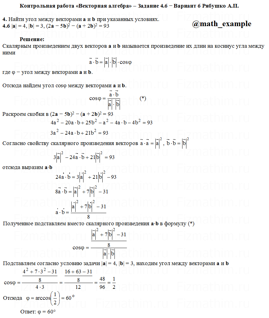 Нахождение угла между векторами a и b КР "Векторная алгебра" Задание 4.6 Рябушко А.П.
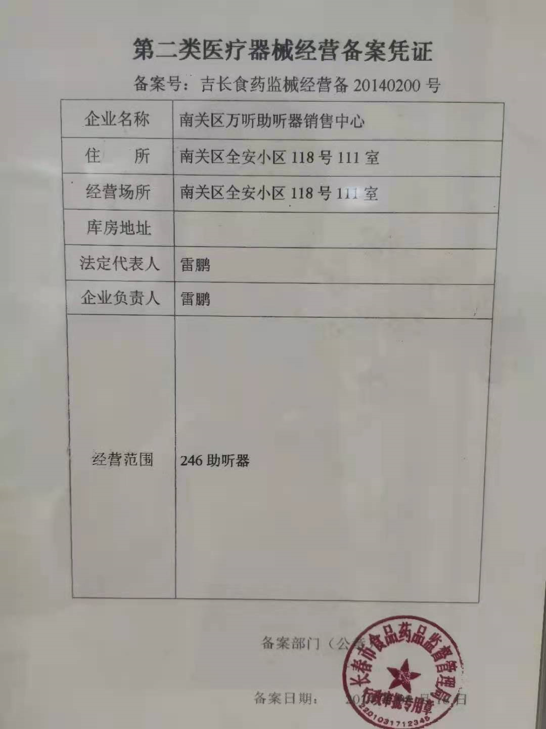 听力验配中心地址:长春市南关区全安小区118号111室
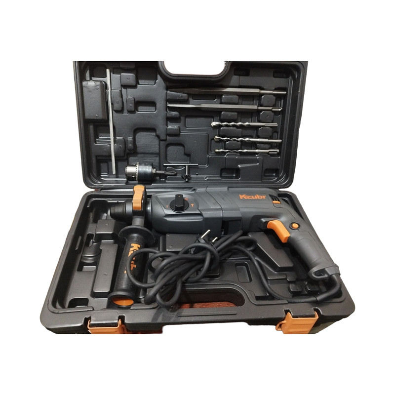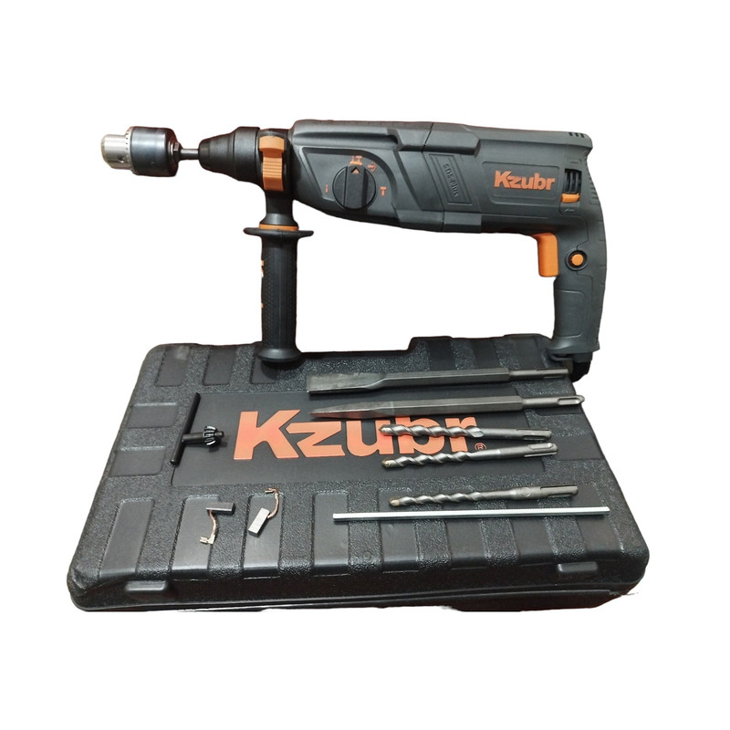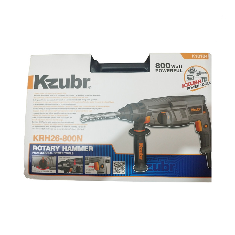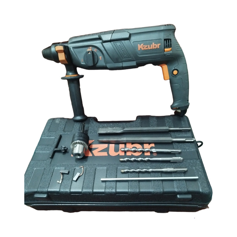 دریل بتن کن زوبر مدل KRH26-800 ساخت شرکت KZUBR Tools است، محصولات این شرکت در سال های اخیر به بازار این وارد شده است که کیفیت محصولات این شرکت به نسبت قیمت آن ها در حد قابل قبولی است. دریل بتن کن سه کاره سه کیلویی زوبر مجهز به موتور پرقدرت 800 وات است که دارای سه حالت عملکرد است. حالت اول چرخش ساده مخصوص سوراخ کاری در چوب و فلز، حالت دوم چرخش همراه با ضربه مخصوص سوراخ کاری در مصالح و حالت سوم تخریب مخصوص تخریب و کندن مصالح است. سه نظام این دستگاه از نوع چهار شیار SDS Plus است و سه نظام آن قابلیت جدا شدن از دستگاه و تعویض ندارد اما با استفاده از یک رابط که در داخل جعبه دستگاه قرار دارد سه نظام چهار شیار تبدیل به سه نظام مخصوص مته ته گرد می شود و از هر دو نوع مته می توان استفاده کرد.
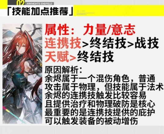 余烬属于混伤角色,普通攻击物理,技能为法术。她的连携技为核心技能,提供治疗、物理破防与庇护,可触发装备被动增伤。终结技与战技天赋则是辅助提升输出与生存。
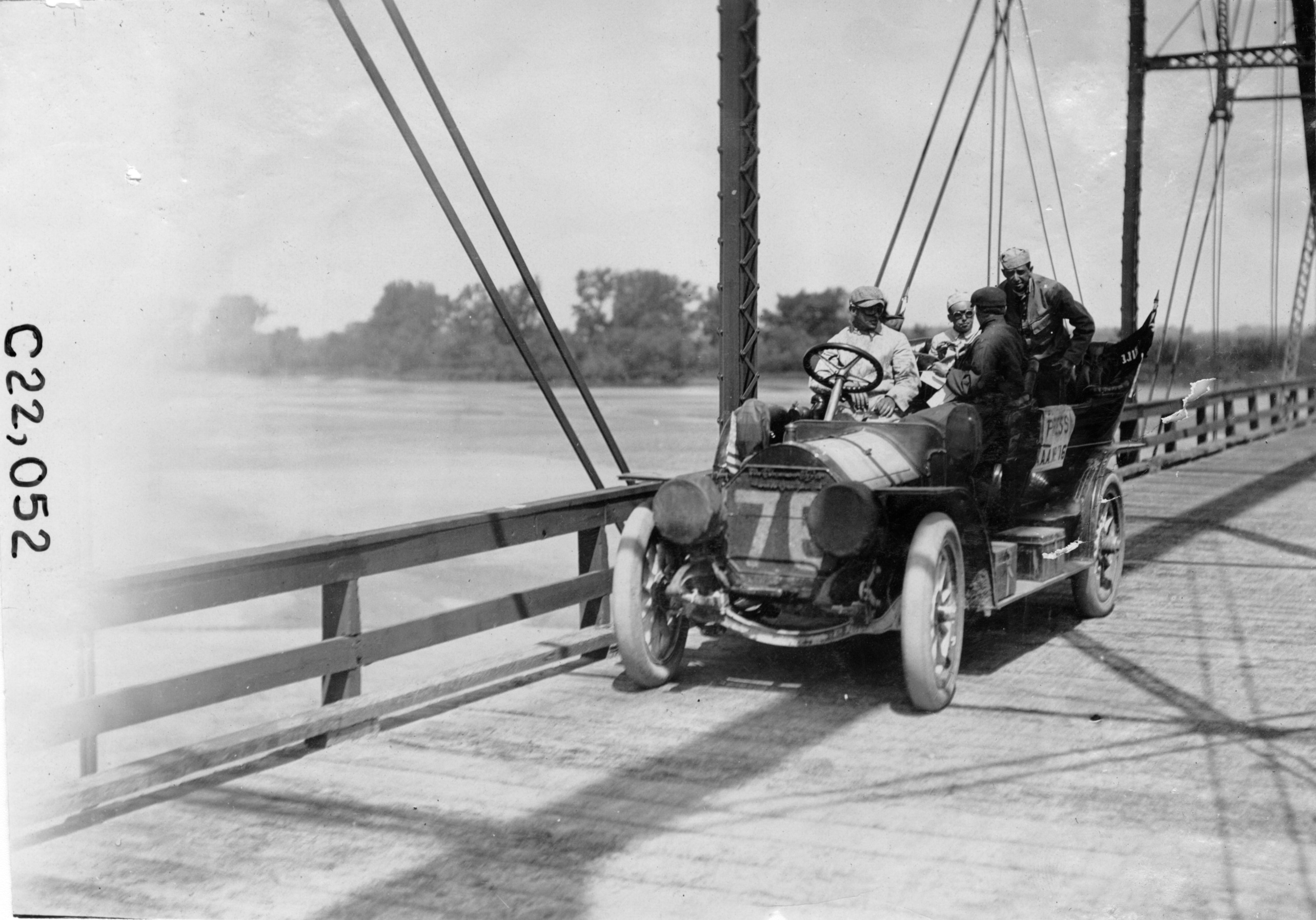 Thomas car #76 on Loup River bridge, at the 1909 Glidden Tour
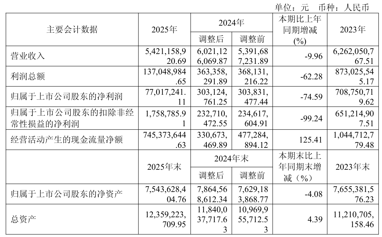 4月20日晚间,雪天盐业(600929)发布2025年年度报告,公司营业收入为54.21亿元,同比下降9.96%;归母净利润为7701.72万元,同比下降74.59%;扣非净利润仅为175.88万元,同比下降99.24%。
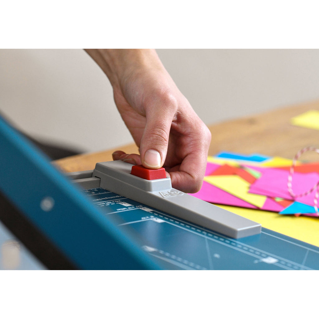 This paper cutter has a wide, strong paper guide backstop for accuracy when making repetitive cuts. The measurement grid includes common trimming sizes for fast and easy alignment, and the ergonomic cutting handle is contoured to be more comfortable while trimming.
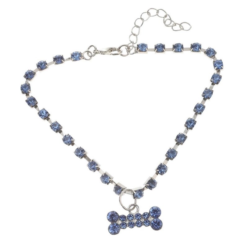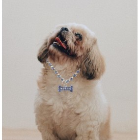 Colier pentru animale de companie, echipat cu un pandantiv in forma de os, decorat cu strasuri. Este potrivit pentru pisici si caini de talie mica.
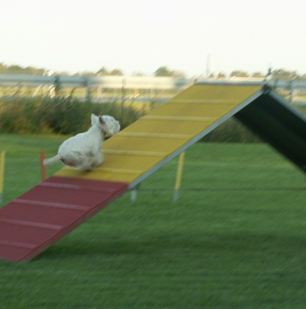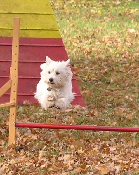 Hier ein paar Fotos, Westies sind einfach tolle Agilityhunde....ich denke, man kann sehen, mit welcher Eleganz, Unerschrockenheit und Spaß sie jedes noch so große Hindernis meistern....
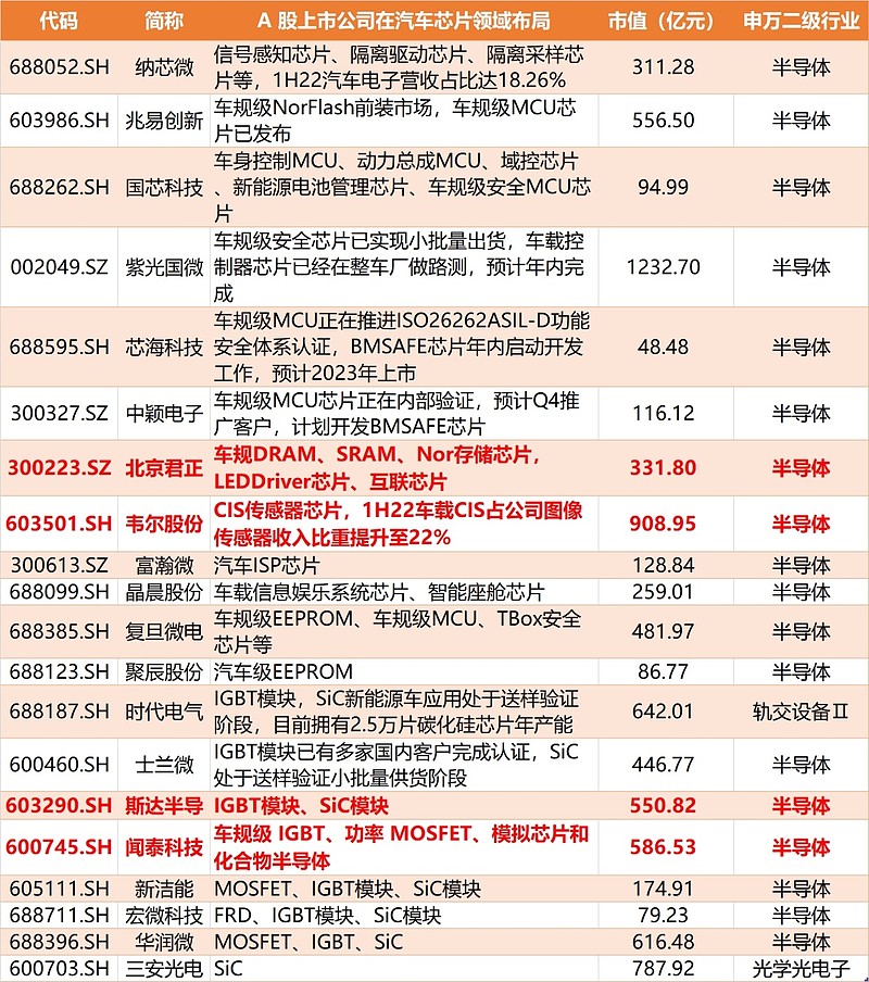 “IGBT头龙头”斯达半导:2020年度IGBT模块的全球市场份额占有率国际排名第6位,在中国企业中排名位居首位,是国内汽车级IGBT模块的主要供应商。2022年上半年,斯达半导体实现营业收入11.54亿元,同比增长超60%,归属于上市公司股东的净利润3.47亿元,同比增长1.25倍。值得注意的是,斯达半导也在积极拓展碳化硅(SiC)赛道,据披露,斯达半导应用于乘用车主控制器的车规级SiC MOSFET模块开始大批量装车。一举囊括汽车电动化+智能化汽车芯片产品线。
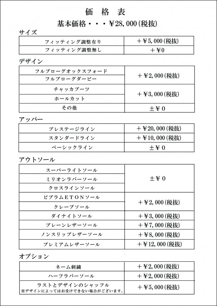 さて、この度パターンオーダーの価格表が、
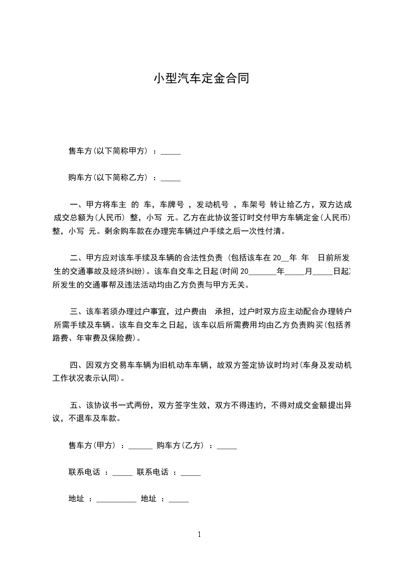 ﹝合同车辆﹞定金的交付:乙方预付购车定金人民币(大写): 。

Problem statement — Starting at the line that contains "This paper cutter" and ending at the line that contains "Hier ein paar", transcribe the material above exactly, excluding pictures.

Answer space —
 This paper cutter has a wide, strong paper guide backstop for accuracy when making repetitive cuts. The measurement grid includes common trimming sizes for fast and easy alignment, and the ergonomic cutting handle is contoured to be more comfortable while trimming.
 Colier pentru animale de companie, echipat cu un pandantiv in forma de os, decorat cu strasuri. Este potrivit pentru pisici si caini de talie mica.
 Hier ein paar Fotos, Westies sind einfach tolle Agilityhunde....ich denke, man kann sehen, mit welcher Eleganz, Unerschrockenheit und Spaß sie jedes noch so große Hindernis meistern....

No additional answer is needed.